Hi I live in Nova Scotia, Canada (modern temp zone ha ha ) where it gets 10 20 25 Brrrrrlow zero I have a 1985 528 td BMW 6 cy 
Iam 17 years old and this is my only car I have no backup,

I need lots of help and info on how to winterize this car as it is cold standing waiting for a school bus.
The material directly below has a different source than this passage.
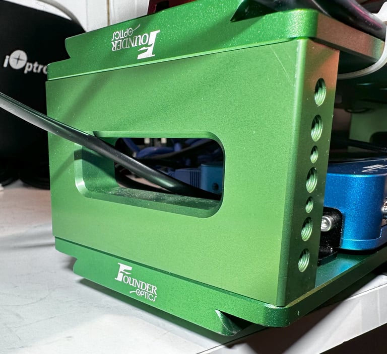 Riser blocks and Losmandy plates are useful accessories, the plates are by Founder Optics and the blocks are by Altair Astro

Here is a list of my questions

1/ what kind of diesel do I use
2/ what kind of oil do I use -- Iam now using rotela oil
3/ How do I get the water out of the fuel tank. 
4/ What size battery should I use 600 amps 750 amps 
5/ what kind of coolant should I use 
6/ Should I change the glow plugs 
7/ should I put the battery in the trunk

thank you very much for any help and advise diesel boy


----------



## Lanc3r (Sep 5, 2004)

disel boy said:


> Hi I live in Nova Scotia, Canada (modern temp zone ha ha ) where it gets 10 20 25 Brrrrrlow zero I have a 1985 528 td BMW 6 cy
> Iam 17 years old and this is my only car I have no backup,
> 
> I need lots of help and info on how to winterize this car as it is cold standing waiting for a school bus. Here is a list of my questions
> ...


1. Same as usual
2. Same as usual
3. Fuel stabalizer - available at your auto parts store
4. Same as usual
5. Whatever is available in proper concentration to protect in the temps you will face (Antifreeze bottles have mixture graphs to get mixture right for the temps.
6. :dunno: Are they bad?
7. Why?


----------



## disel boy (Sep 5, 2007)

thanks very much - keep the good info coming


----------



## Lanc3r (Sep 5, 2004)

disel boy said:


> thanks very much - keep the good info coming


Is your car auto or manual?


----------



## disel boy (Sep 5, 2007)

*auto*

automatic -- thanks


----------



## Saturn5 (Nov 27, 2017)

Nothing to see here, my bad.


----------